It has been a rough morning for Salesforce here in San Francisco: part of the cloud giant's sprawling empire fell over and stayed down for more than 12 hours. In fact, it stumbled over so hard, CEO Marc Benioff's techies are having to apply fixes to servers manually.
The SaaS titan told customers on Thursday night its Files service, used to store and share documents, was struggling worldwide to, well, read and write files. It's now Friday lunchtime, and some data remains inaccessible as engineers continue to roll out repairs.
"The technology team continues to manually update a subset of servers that need to have the fix implemented as well as test and validate the resynchronization process, which is the next phase of the resolution path," Salesforce told customers at 1030 PT on Friday.
"We continue to see a reduction in read/write alerts, and some customers are reporting that they can now read and write to new files.

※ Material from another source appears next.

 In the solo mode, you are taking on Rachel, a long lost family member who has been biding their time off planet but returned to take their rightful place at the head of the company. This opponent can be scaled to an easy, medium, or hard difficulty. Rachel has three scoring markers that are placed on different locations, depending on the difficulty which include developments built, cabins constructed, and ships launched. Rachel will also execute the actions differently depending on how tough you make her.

"However, there is still a subset of customers being impacted by the issue. Files that were created after the incident began and before the fix was applied, however, may remain unavailable until resynchronization is complete."

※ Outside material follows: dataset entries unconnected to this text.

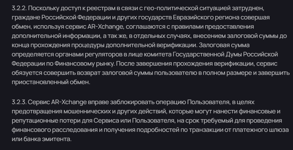 В одном месте написано про комиссию 1%, в другом 0,3%, но на самом деле пользователям Ar-Xchange придется заплатить гораздо больше, например, гражданам России нужно внести залог.
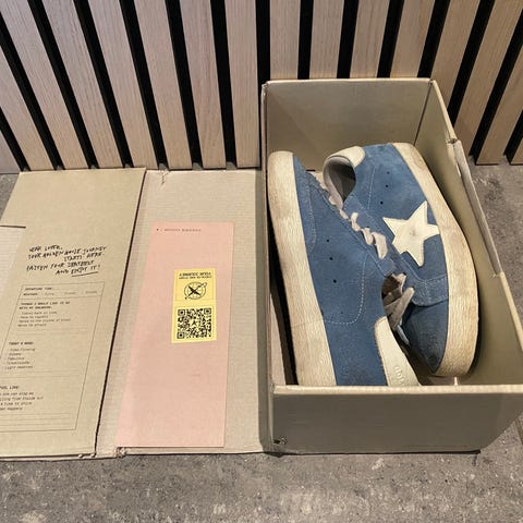 Säljer mina Golden Goose VSTAR2 sneakers i beige färg, storlek 42. Skorna är köpta 2024 via GOAT men har tyvärr inte kommit till användning. Vill gärna ge dom ett liv!
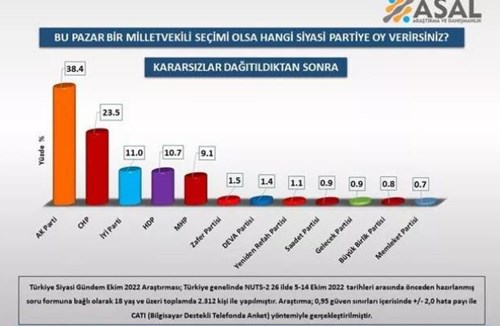 5-14 Ekim tarihleri arasındaki yapılan anketin sonuçlarına göre AK Parti, bir önceki ankete göre oyların yükseltti ve yüzde 38.4 ile ilk sırada yer aldı. CHP de ise oyların düştüğü görülürken yüzde 23.5 ile ikinci oldu. Aynı şekilde oyları azalan İYİ Parti ise yüzde 11'de kalarak üçüncü sırada yer aldı. Yaptığı çıkışlarla dikkat çeken Ümit Özdağ'ın liderliğini yaptığı Zafer Partisi'nin de oylarını artırdığı görüldü. Diğer partilerin oy dağılımı ise şöyle oldu: HDP: Yüzde 10.7, MHP: Yüzde 9.1, Zafer: Yüzde 1.5, DEVA: Yüzde 1.4, Y. Refah: Yüzde 1.1, SP: Yüzde 0.9, GP: Yüzde 0.9, BBP: Yüzde 0.8, MP: Yüzde 0.7.

The systems crashed on Thursday night at roughly 2330 PT. This meant just as Western Europe was beginning to wake up and start their Fridays, the Files part of Salesforce fell over.

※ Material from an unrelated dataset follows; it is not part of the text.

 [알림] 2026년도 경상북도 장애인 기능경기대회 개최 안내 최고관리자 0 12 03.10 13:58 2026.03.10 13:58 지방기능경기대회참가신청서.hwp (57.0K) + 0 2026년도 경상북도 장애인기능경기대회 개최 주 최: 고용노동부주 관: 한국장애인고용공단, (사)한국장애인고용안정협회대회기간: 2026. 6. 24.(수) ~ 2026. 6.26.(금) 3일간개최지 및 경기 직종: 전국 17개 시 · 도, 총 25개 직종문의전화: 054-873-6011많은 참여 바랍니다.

Wow. Global outage of @salesforce. What else is on the menu today? 😂— Martin Fišer (@MTFtwister) September 20, 2019
This outage would carry over into the US East Coast and Midwest working day, and the morning for the West Coast where Salesforce is based.
By 1100 PT, the cloud giant said it was nearly through the tedious process of hand-fixing servers to address the problem.
"The technology team now has less than 5 per cent of the affected servers to manually apply the fix to, and the resynchronization process is being implemented to a subset of production hosts," the biz explained. "If the resynchronization completes successfully on those hosts, the team will then start the process of implementing resynchronization across the rest of the affected environment."
As we were preparing to publish this piece, shortly after 1300 PT, Salesforce posted the following revised update, indicating the outage is ongoing as is the repair work:
The technology team continues to manually apply the fix to a subset of the affected servers in three of the impacted data centers. All servers in the other five affected data centers have had the fix implemented.
The synchronization process is the next phase of the resolution path that will ensure files that were created after the incident began and before the fix was applied are once again available to customers. That process was initiated within the first of the eight data centers, and on successful completion of that activity and after the technology team validates the implementation, we will then initiate that process across the remaining data centers.
Inconvenient as it is, Friday's problem pales in comparison to the nightmare outage in May that caused portions of the service to go down over a span of three days.
Hopefully, most of those affected were able to find an alternate way to move files and, barring that, at least head out for an early start to the weekend. ®